However a clever student will never use thousand separators and will learn once for all if he can use , or . as unit separator.

The actual 2,1 proposal is to grade the numerical format separately from the numerical quantity.

On analysis it appears that the best way to do this as there is already a unit penalty applied , is to add at least the decimal point as an additional answer parameter alongside the tolerance.

A complete grading should also allow the teacher to specify the thousand separator as mandatory or control the use of the exponential format.

given the time delays for 2,1, let's design a decimal decimal point option.

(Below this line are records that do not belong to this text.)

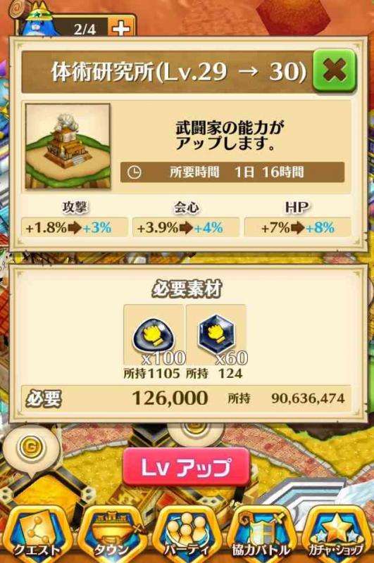 剣士研究所のレベルアップ画面でのステータスアップは攻撃 防御 会心のみ表示で、HP SPの表示はありません。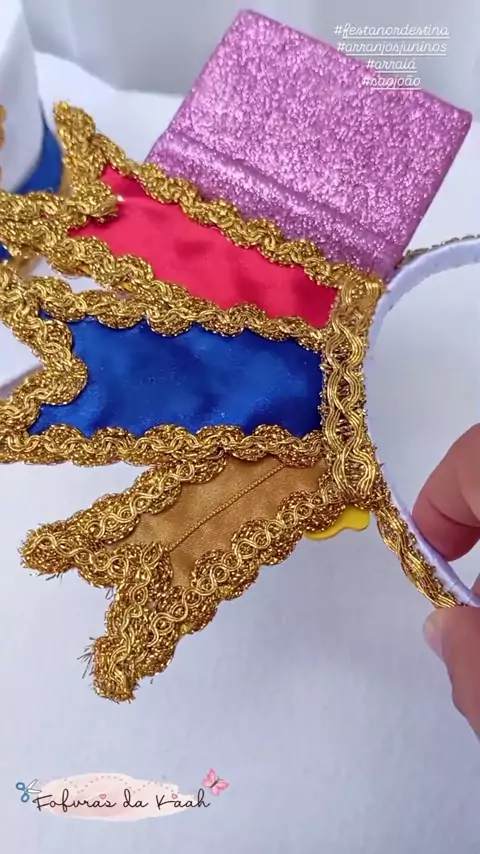 Bom dia 🪗🔥! . Arranjo para cabelo e chapéu EJRC, criados especialmente para compor o look do casal destaque da quadrilha "Raízes e Tradição do Justiniana". 🪅🪗 . No arquinho trabalhamos o livro aberto em Eva, e fitinhas de cetim com acabamento em dourado. Na produção do chapéu foi utilizado o feltro branco com detalhes que combinam e completam o visual encantador. 🪅🔥🪗 . #FestaJunina #arranjojunino #SãoJoao #quadrulhajunina #escolainfantil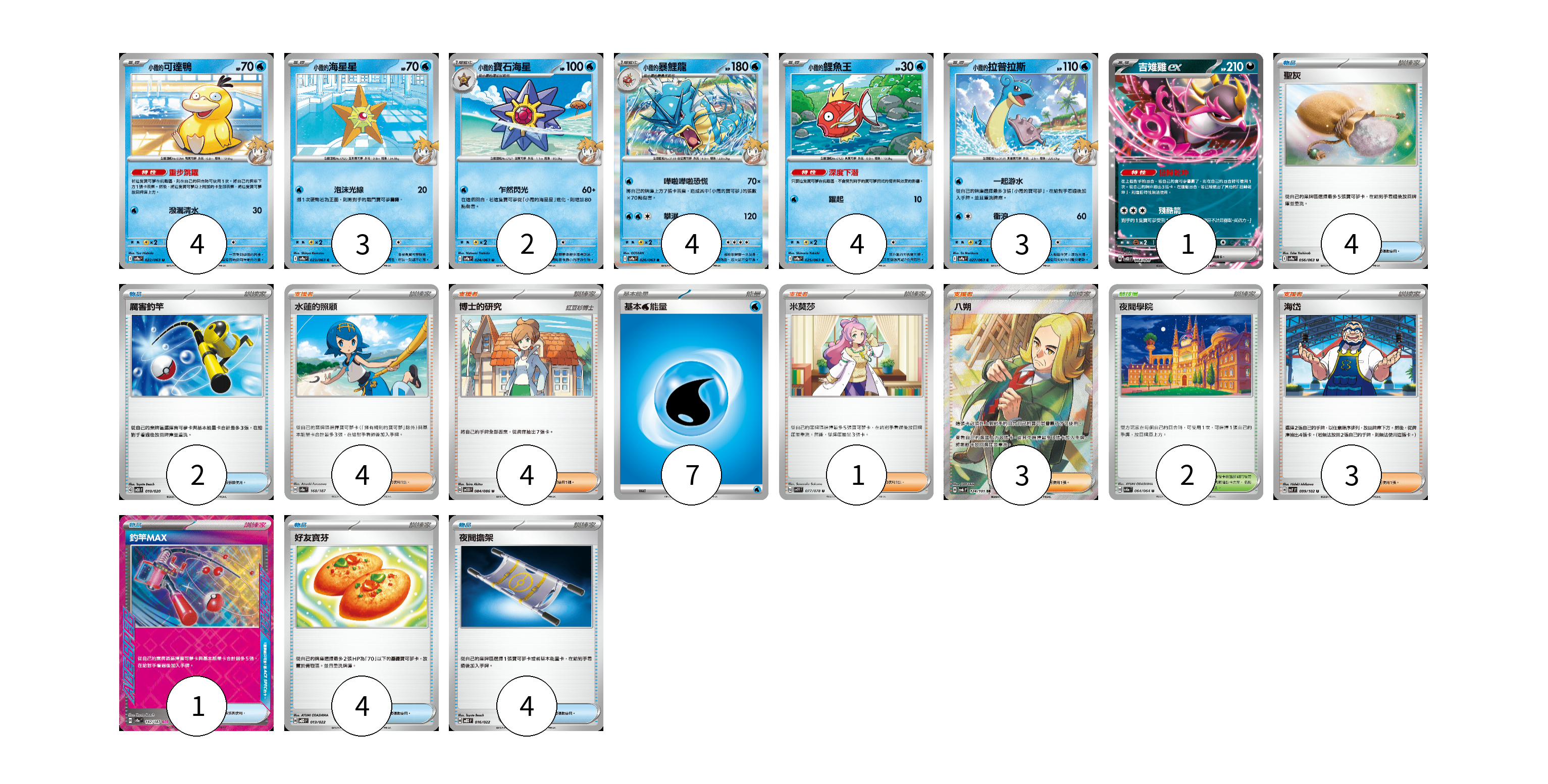 牌組構築方案 以此牌組為基礎新構築牌組 顯示卡面 顯示列表 寶可夢卡(21) 4 3 2 4 4 3 1 物品卡(15) 4 2 1 4 4 支援者卡(15) 4 4 1 3 3 競技場卡(2) 2 能量卡(7) 7 寶可夢卡(21) 卡牌名稱 張數 卡牌名稱 張數 <小霞的>可達鴨 SV9a 022/063 04 <小霞的>海星星 SV9a 023/063 03 <小霞的>寶石海星 SV9a 024/063 02 <小霞的>暴鯉龍 SV9a 026/063 04 <小霞的>鯉魚王 SV9a 025/063 04 <小霞的>拉普拉斯 SV9a 027/063 03 吉雉雞ex SVOD 004/020 01 物品卡(15) 卡牌名稱 張數 卡牌名稱 張數 聖灰 SV9a 056/063 04 厲害釣竿 SVOD 010/020 02 釣竿MAX SV8a 142/187 01 好友寶芬 MBD 013/022 04 夜間擔架 MBD 016/022 04 支援者卡(15) 卡牌名稱 張數 卡牌名稱 張數 水蓮的照顧 SV8a 168/187 04 博士的研究 SV11B 084/086 04 米莫莎 SV1V 077/078 01 八朔 SV6 124/101 03 海岱 SV7 099/102 03 競技場卡(2) 卡牌名稱 張數 卡牌名稱 張數 夜間學院 SV6a 064/064 02 能量卡(7) 卡牌名稱 張數 卡牌名稱 張數 基本水能量 sv-p WAT 07 以此牌組為基礎新構築牌組 牌組編碼 wTlQyZ-XyXetd-SFFrxF copy 列印牌組單 牌組編碼已複製 分享至SNS

The following table describe the results of the various versions

Moodle Version	decsep	thousand sep	1 234.56	1,234.56	1234.56	1.23456E3	1 234,56	1.234,56	1234,56	1,23456E3
1,9			OK	OK	OK	OK	NO	NO	NO	NO
2,0			OK	OK	OK	OK	OK	NO	OK	OK
2,1	.	,	NO	OK	OK	OK	NO	NO	NO	NO
2,1	.	space	OK	NO	OK	OK	NO	NO	NO	NO
2,1	,	space	NO	NO	NO	NO	OK	NO	OK	OK
2,1	,	.	NO	NO	NO	NO	NO	OK	OK	OK
2,1 proposal			OK	OK	OK	OK	OK	OK	OK	OK
2,1 proposal	.		OK	OK	OK	OK	NO	NO	NO	NO
2,1proposal	,		NO	NO	NO	NO	OK	OK	OK	OK

OR

Moodle Version	decsep	thousand sep	1 234.56	1,234.56	1234.56	1.23456E3	1 234,56	1.234,56	1234,56	1,23456E3
1,9			OK	OK	OK	OK
2,0			OK	OK	OK	OK	OK		OK	OK
2,1	.	,		OK	OK	OK
2,1	.	space	OK		OK	OK
2,1	,	space					OK		OK	OK
2,1	,	.						OK	OK	OK
2,1 proposal			OK	OK	OK	OK	OK	OK	OK	OK
2,1 proposal	.		OK	OK	OK	OK
2,1proposal	,						OK	OK	OK	OK

In 2,1 there is no 'universal option' that allow most of the known options and in 2,0 the german language 1.234,56 is not recognized.

In 1,9 and 2,0 the PHP structure is always good In 2,1 the PHP structure is good if you use the good thousands sep

So there is no real control on the thousand sep as long as the students learn to not using it.

As a first step in grading the response format in 2,1 , I propose that we limit the case to grade the decsep allowing either , or . and using a modified 2,0 version to handle the german . ,

From the the table we can see, with the proposal, that upgrading or importing from 1,9 the default decsep should be set to . and upgrading upgrading or importing from 2,0 the default decsep should be set to nil i.e. universal.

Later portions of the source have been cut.